Calculating Heat Loss From a Room of 125m3 - Confusing Results?

[TSN79]

A room is 5x5x5=125 m3 and holds a temp of 30C. On the other side of all the walls the air is 20C. I measure that the room temperature drops about 0.001C per second. If I now use this equation...

$$\dot Q = V \cdot C_P \cdot \rho \cdot \dot T$$

...I get the amount of heat that needs to be added in order for the room to keep this temperature (I think), and it's about 144W. What I don't get is that if I now calculate how much heat goes through the walls using the following equation...

$$\dot Q = U \cdot A \cdot \Delta T$$

...this comes to 300W, but that means that I'm actually losing 300-144=156 Watts more than the first equation tells me!

Am I getting something all wrong here?! This really confuses me, and all attempts to explain this to me will be appreciated.

 

[Q_Goest]

The two equations are valid. I assume you're doing this experiment on a room and finding some discrepencies, is that correct?

If so, I'd guess that one or more of the constants you're using is off. It would be very difficult to accurately describe the overall $$C_P, \rho$$ or $$U$$ accurately.

Another problem may be overall heat transfer. Are you neglecting radiation heat transfer? Seems to me there would be some significant contributions due to the sun's heating.

 

[ravenprp]

It is understandable that you are confused by the results you are getting from these calculations. However, there are a few factors that may be contributing to the discrepancy in the results.

Firstly, the equations you are using are different and may be measuring different things. The first equation, \dot Q = V \cdot C_P \cdot \rho \cdot \dot T, calculates the heat that needs to be added to the room in order to maintain its temperature. This takes into account the volume of the room (V), the specific heat capacity of the air (C_P), the density of the air (rho), and the rate of change of temperature (\dot T). This equation is useful for determining the heating or cooling needs of a room, but it does not take into account the losses through the walls.

On the other hand, the second equation, \dot Q = U \cdot A \cdot \Delta T, calculates the heat loss through the walls of the room. This takes into account the overall heat transfer coefficient (U), the surface area of the walls (A), and the temperature difference between the inside and outside of the room (\Delta T). This equation is useful for determining the insulation needs of a room, but it does not take into account the heat needed to maintain the temperature inside the room.

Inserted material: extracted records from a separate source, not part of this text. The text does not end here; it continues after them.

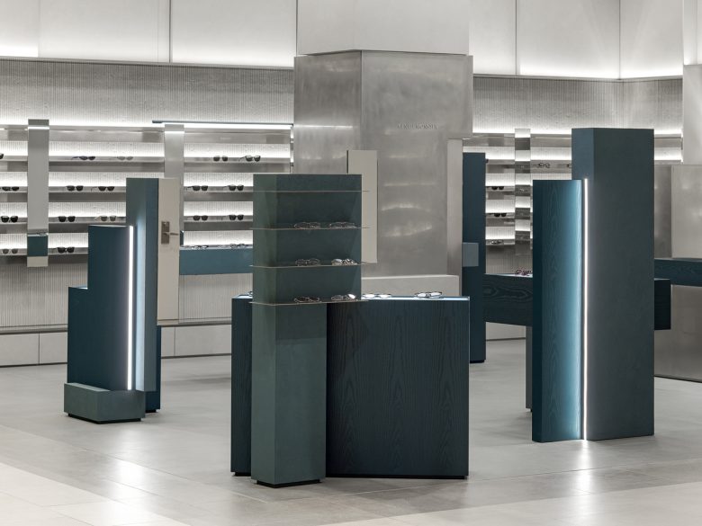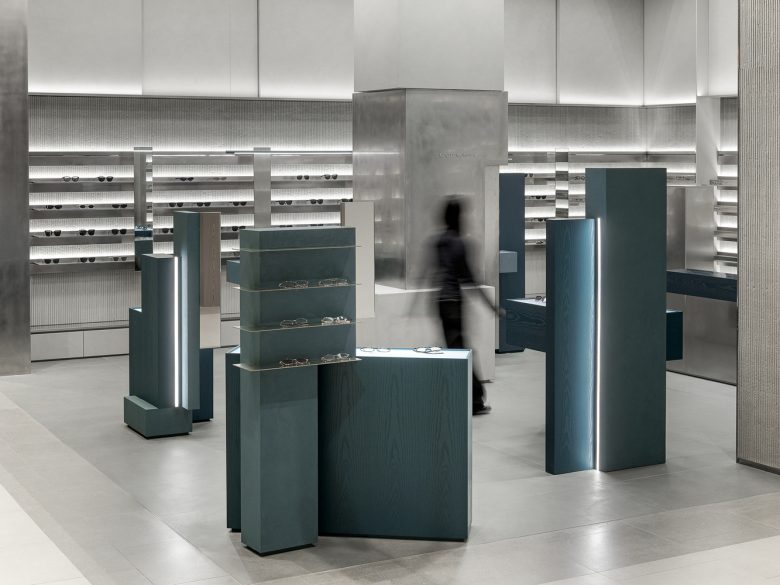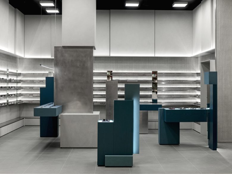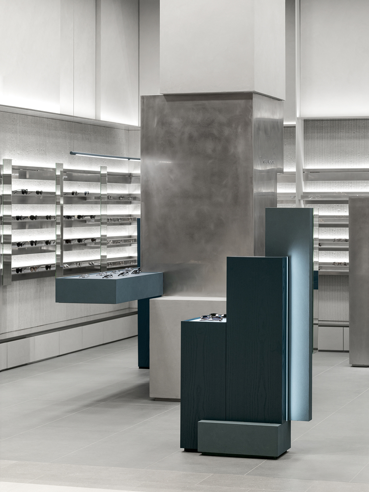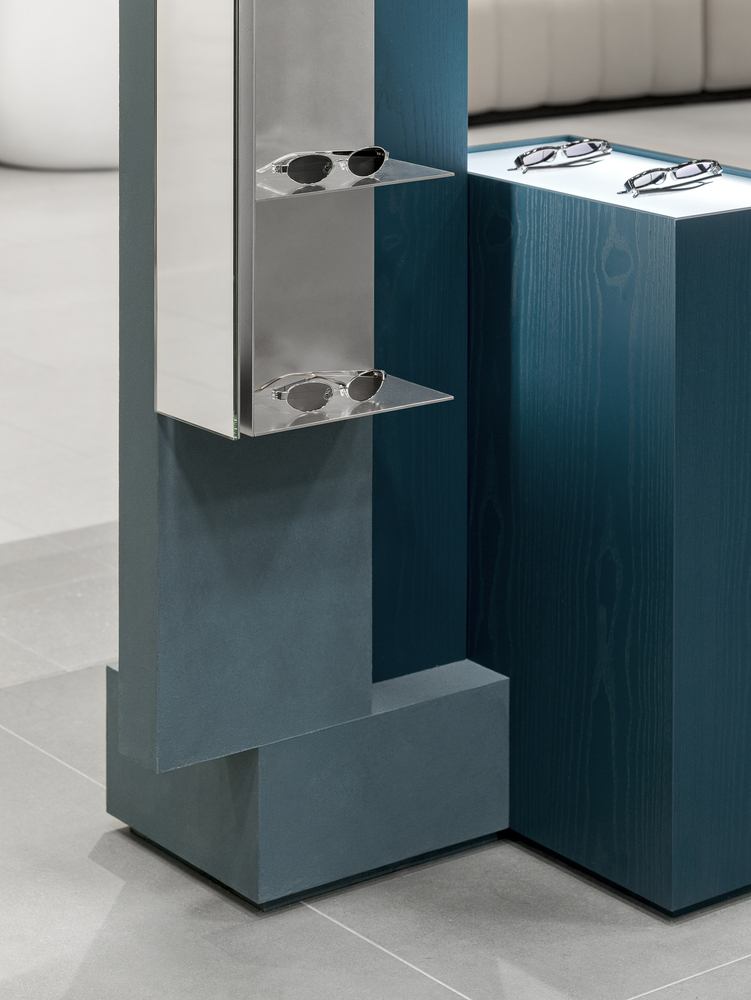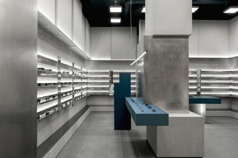 Like walking through fog or seeking clarity within blurred sight, clusters of masses are dispersed at the center of the space. Visitors move between these masses, discovering products that suit them, trying them on, lingering, and exploring the space. The central masses interlock in subtly misaligned ways, reflecting the ambiguous nature of fog—less stable and more imperfect in form—while each mass is expressed differently. This irregular spatial language extends to the wall surfaces, adding depth and dimensionality through material treatment.
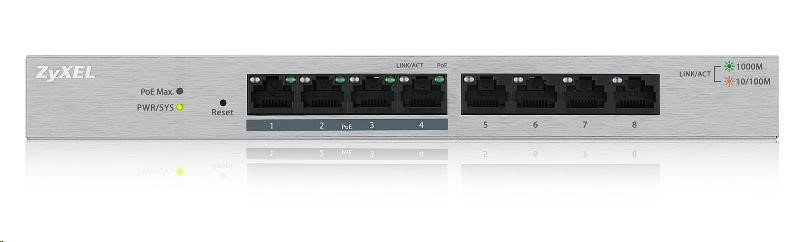Zyxel GS1200-8HP 8-portový gigabitový webový inteligentný prepínač, 4x PoE 802.3at, PoE rozpočet 60W, bez ventilátora
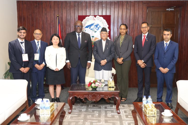 Kathmandu, May 18: Visiting Executive Director of the United Nations Fund for Responding to Loss and Damage Ibrahima Cheikh Diong today paid a courtesy call on Prime Minster KP Sharma Oli at latter's official residence in Baluwatar. During the meeting, the Prime Minister thanked him for taking part in the
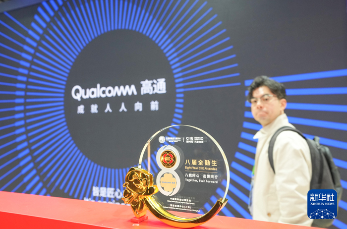 11月6日,观众在第八届进博会技术装备展区高通展台参观。高通是进博会八届“全勤生”。新华社记者 任鹏飞 摄
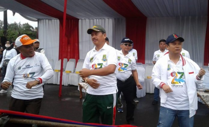 Walikota Tangerang Arief R Wismansyah (tiga kiri), tampil di atas panggung pada kegiatan senam bersama DPRD Kota Tangerang. (Ist)
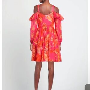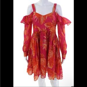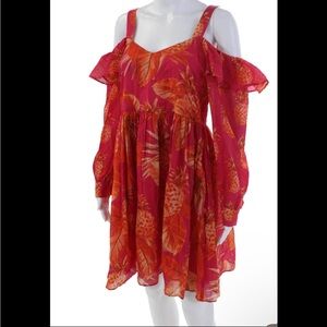 Turn heads in this stunning Twinset Red Floral Print Cold-Shoulder Mini Dress, a romantic and feminine statement piece rendered in a vibrant tropical motif. Designed in a lightweight, airy chiffon with an allover botanical print in saturated shades of crimson, coral, and warm orange, this mini dress captures effortless European glamour.
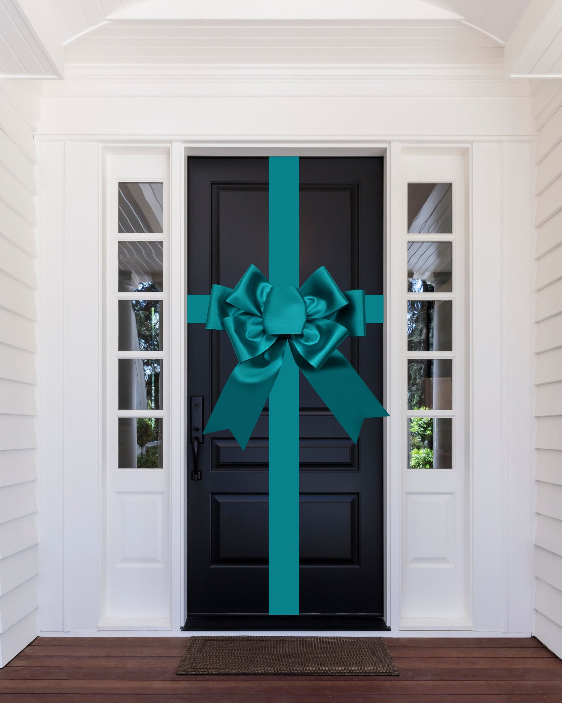 Each bow comes with double sided tape so the bow can be adjusted to fit the door perfectly.
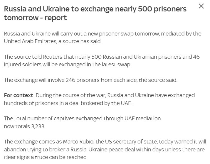 За даними джерела видання, за посередництва ОАЕ завтра кожна сторона передасть по 246 полонених, включаючи 46 поранених.
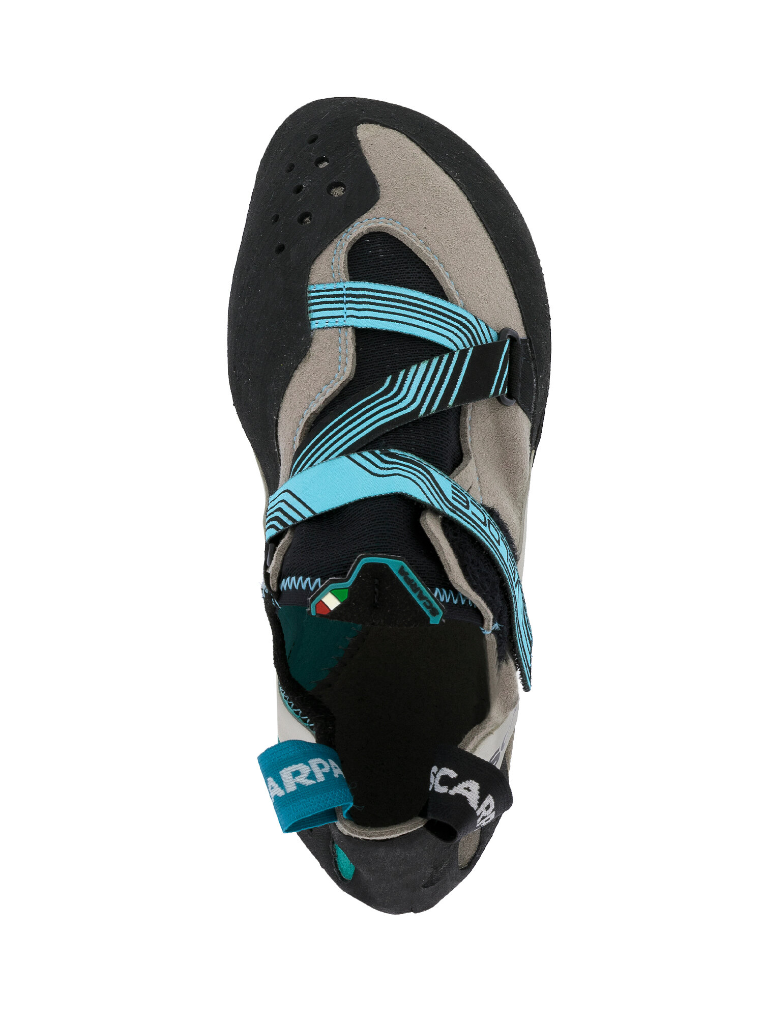 Женские скальные туфли Scarpa Veloce идеально подходят для современного скалолазания в помещении. Имеют мягкую посадку, как в перчатках, а также дополнительное пространство в носке для максимального комфорта. Верх изготовлен из дышащей и хорошо моющейся микрофибры. Универсальный крой подойдет спортсменам с большим подъёмом стопы. Особенности: Технология DTS-TENSION SYSTEM - специально разработанная система натяжения для ещё большей чувствительности и точности при постановке ног. Сохраняет форму скальных туфель на протяжении всего срока службы. Идеально адаптируется к динамике стопы во время движения и концентрирует силу в области большого пальца. Работает в сочетании с новой минималистичной системой SRT(слой ультрамягкой эластичной резины M50 на носке) и специальной конструкции пятки (PAF). PAF SISTEM - улучшенная система строения пятки, позволяющая легче зацепляться и висеть на пятке. Резина M50 - cамая мягкая резина, которая позволяет идеально приспосабливаться к естественной форме стопы и пальцев ног. Разработана совместно с Davos®. Резина S72 - резина с высоким коэффициентом трения, разработанная и испытанная компаниями SCARPA и Davos®. Этот мягкий состав имеет рейтинг по шкале Шора 72, что делает его легко адаптируемым к любой поверхности и обеспечивает превосходный механический эффект. S72 одинаково хорошо работает как на камнях, так и на зальных стенах.

Secondly, there may be other factors affecting the heat loss through the walls that are not accounted for in the equations. For example, the type and thickness of the walls, the presence of windows or doors, and the outside temperature can all affect the heat loss through the walls. These factors may not be accurately reflected in the equations you are using, leading to discrepancies in the results.

In conclusion, it is important to understand the limitations and assumptions of the equations you are using and to consider all factors that may affect the heat loss in order to get a more accurate result. If you are still unsure, it may be helpful to consult a professional or do further research on the topic.